__ACTIVITY__: Write out again the lines from the line with "Нова модель автомобіля" up to and including the line with "Vote au Parlement", exactly as they stand below, and skip any picture.

__SOURCE MATERIAL__:
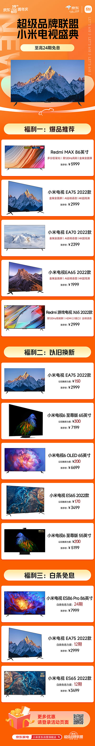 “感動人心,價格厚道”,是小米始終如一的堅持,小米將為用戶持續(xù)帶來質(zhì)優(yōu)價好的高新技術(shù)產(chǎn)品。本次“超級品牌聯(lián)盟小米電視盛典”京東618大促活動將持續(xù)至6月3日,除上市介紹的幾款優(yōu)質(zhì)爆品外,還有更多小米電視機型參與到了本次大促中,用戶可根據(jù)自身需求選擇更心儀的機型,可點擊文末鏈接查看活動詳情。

...

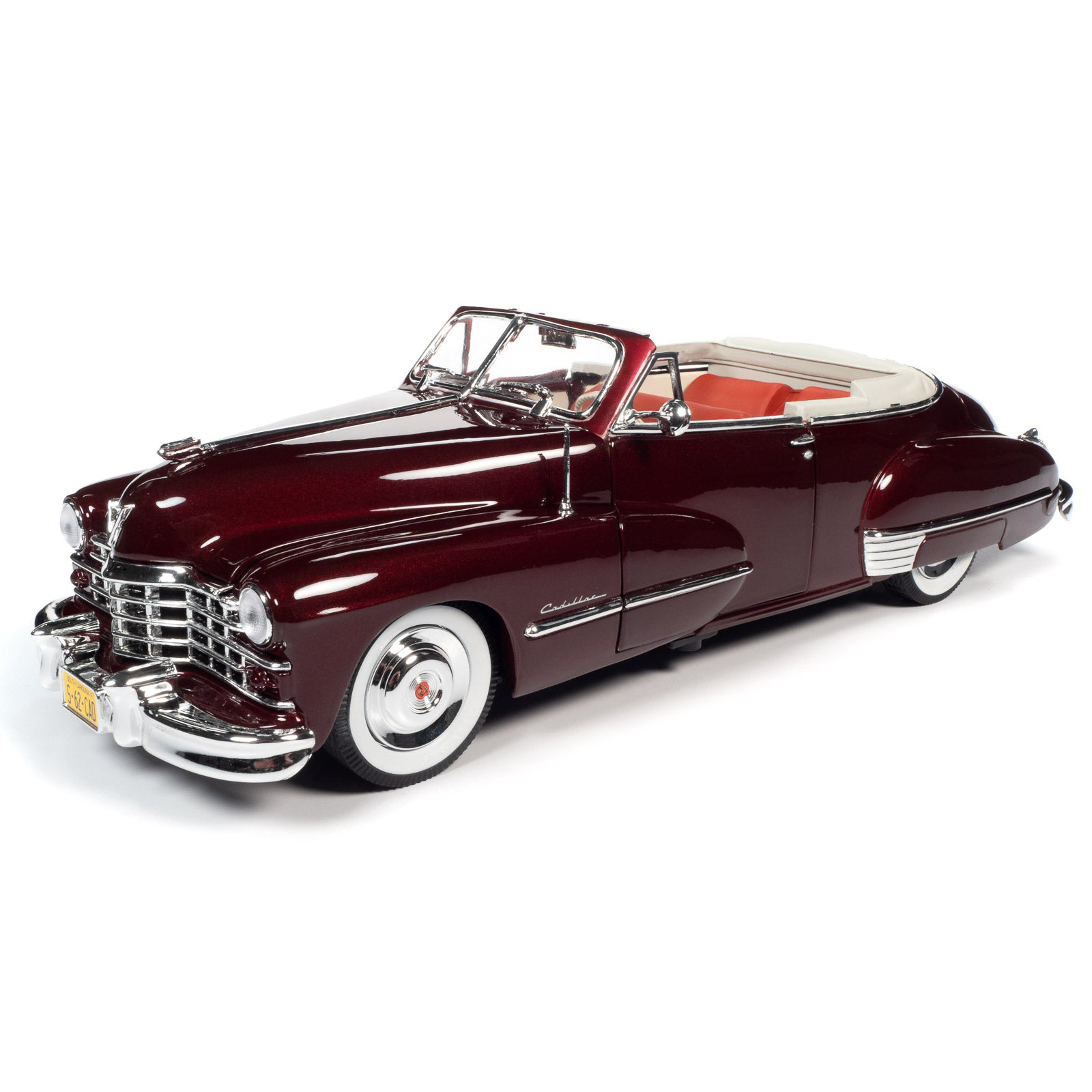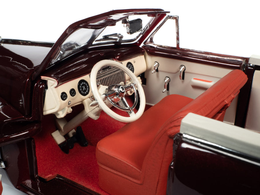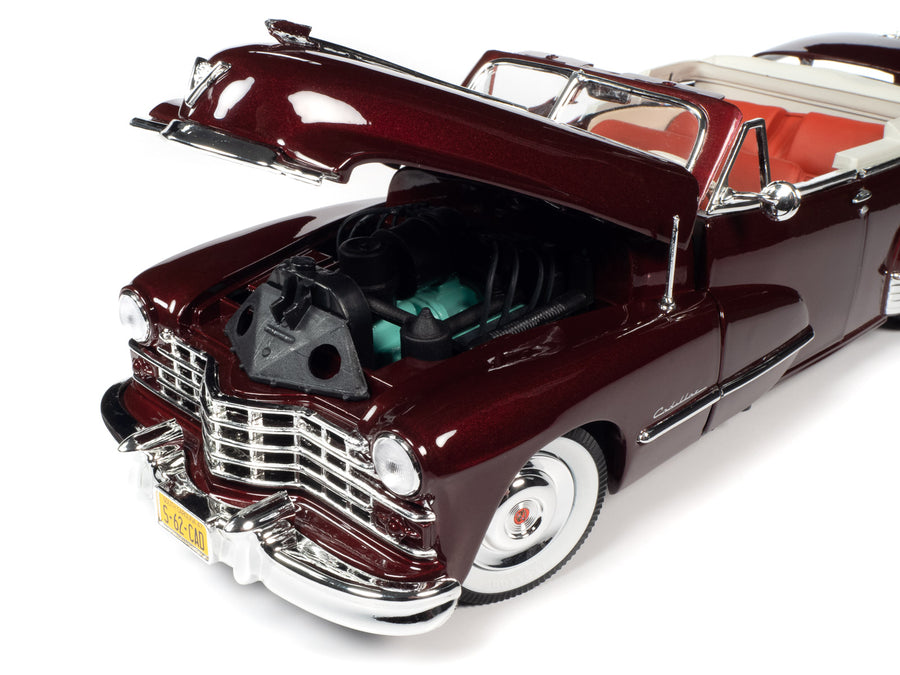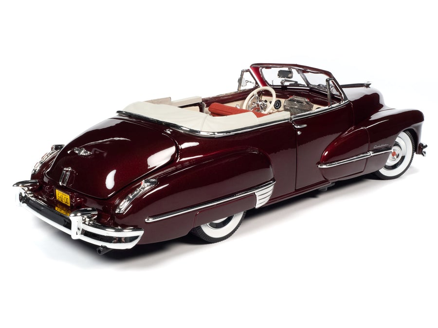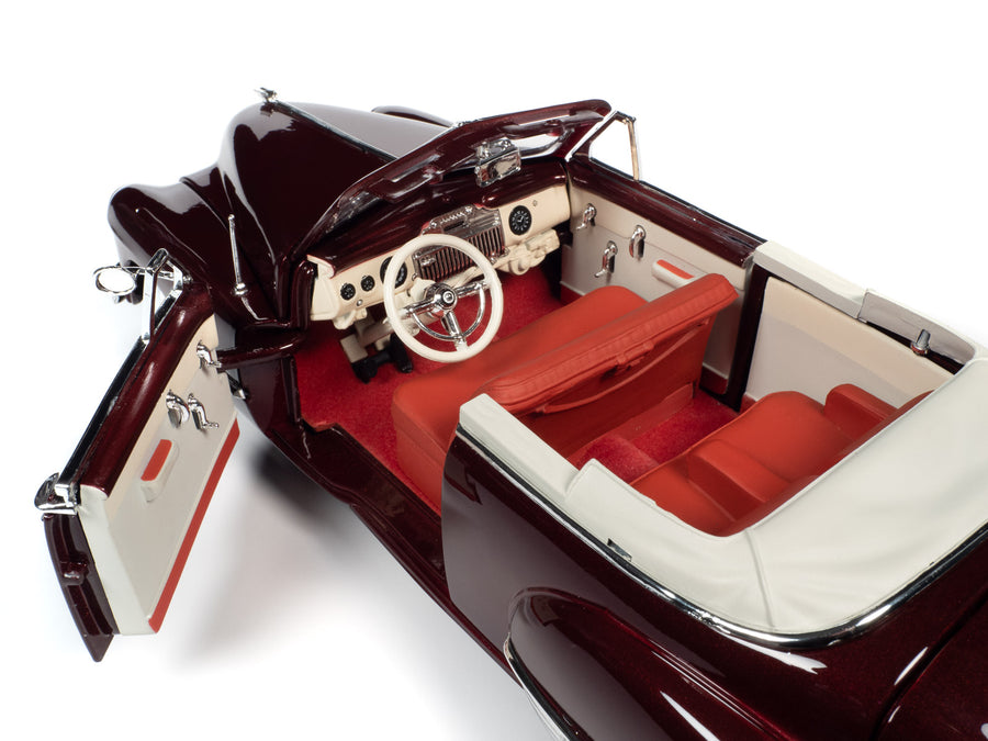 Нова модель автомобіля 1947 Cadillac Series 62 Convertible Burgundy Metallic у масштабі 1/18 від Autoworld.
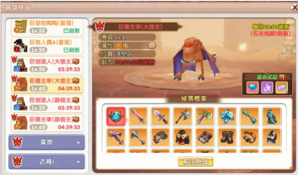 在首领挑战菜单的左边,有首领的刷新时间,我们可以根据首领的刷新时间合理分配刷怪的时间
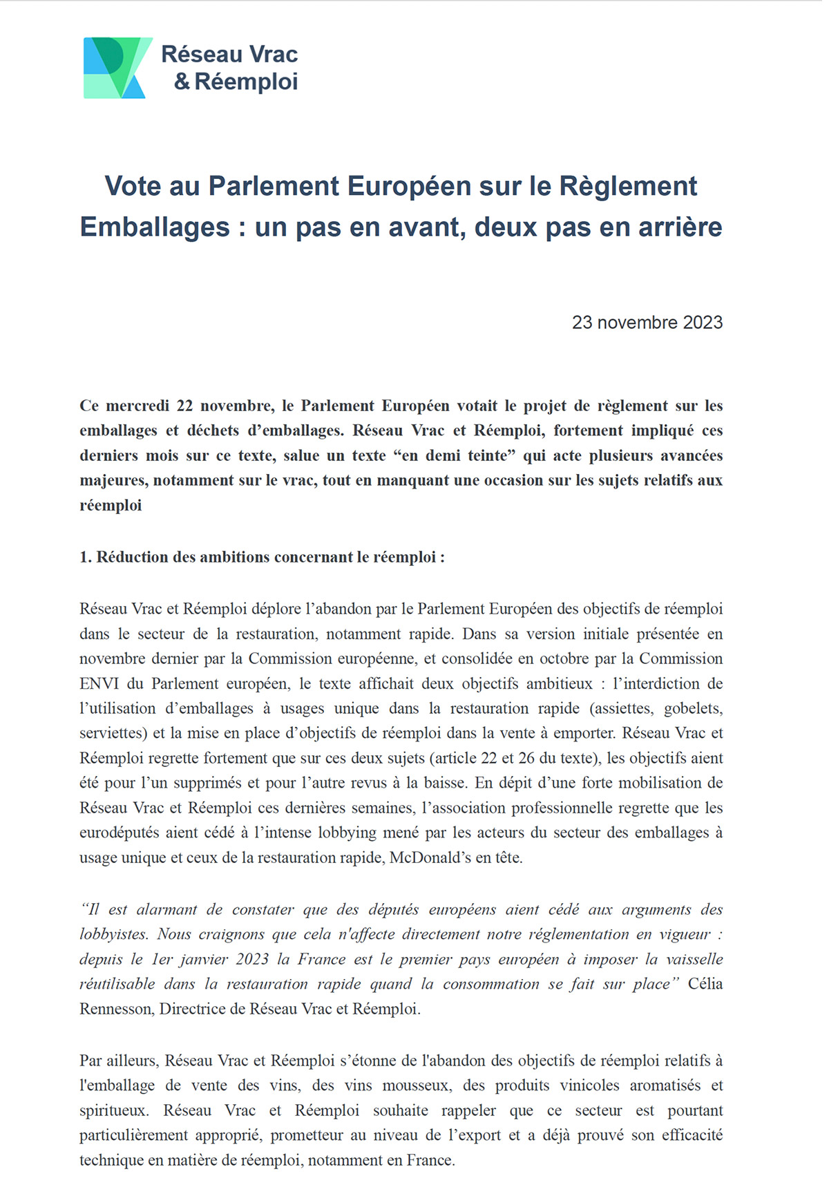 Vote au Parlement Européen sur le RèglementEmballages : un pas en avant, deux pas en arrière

---

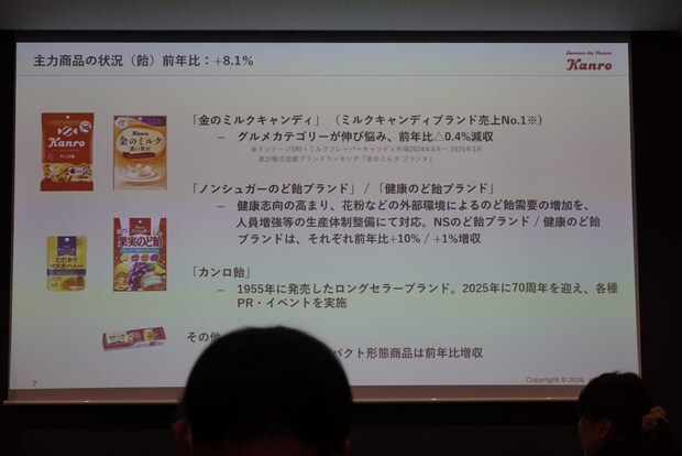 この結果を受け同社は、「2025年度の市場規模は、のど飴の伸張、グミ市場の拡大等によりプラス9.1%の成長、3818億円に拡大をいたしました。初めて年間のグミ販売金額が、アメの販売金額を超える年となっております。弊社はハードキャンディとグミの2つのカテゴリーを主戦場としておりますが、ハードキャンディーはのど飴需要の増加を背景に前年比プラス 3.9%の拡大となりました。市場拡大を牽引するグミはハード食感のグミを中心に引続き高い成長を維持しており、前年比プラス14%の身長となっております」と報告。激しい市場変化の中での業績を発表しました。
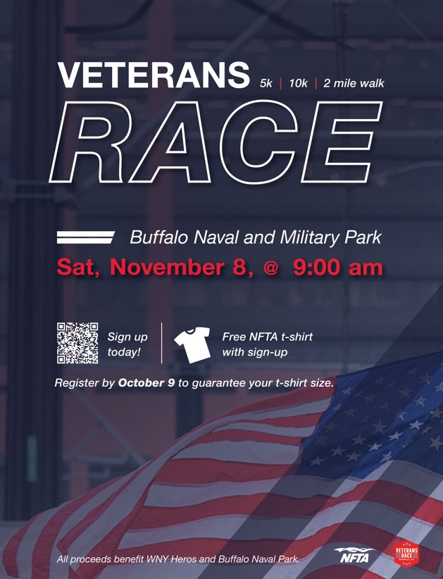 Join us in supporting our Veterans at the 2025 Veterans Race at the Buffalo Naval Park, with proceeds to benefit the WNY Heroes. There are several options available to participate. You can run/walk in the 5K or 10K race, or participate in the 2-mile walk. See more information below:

__YOUR SOLUTION__:
 Нова модель автомобіля 1947 Cadillac Series 62 Convertible Burgundy Metallic у масштабі 1/18 від Autoworld.
 在首领挑战菜单的左边,有首领的刷新时间,我们可以根据首领的刷新时间合理分配刷怪的时间
 Vote au Parlement Européen sur le RèglementEmballages : un pas en avant, deux pas en arrière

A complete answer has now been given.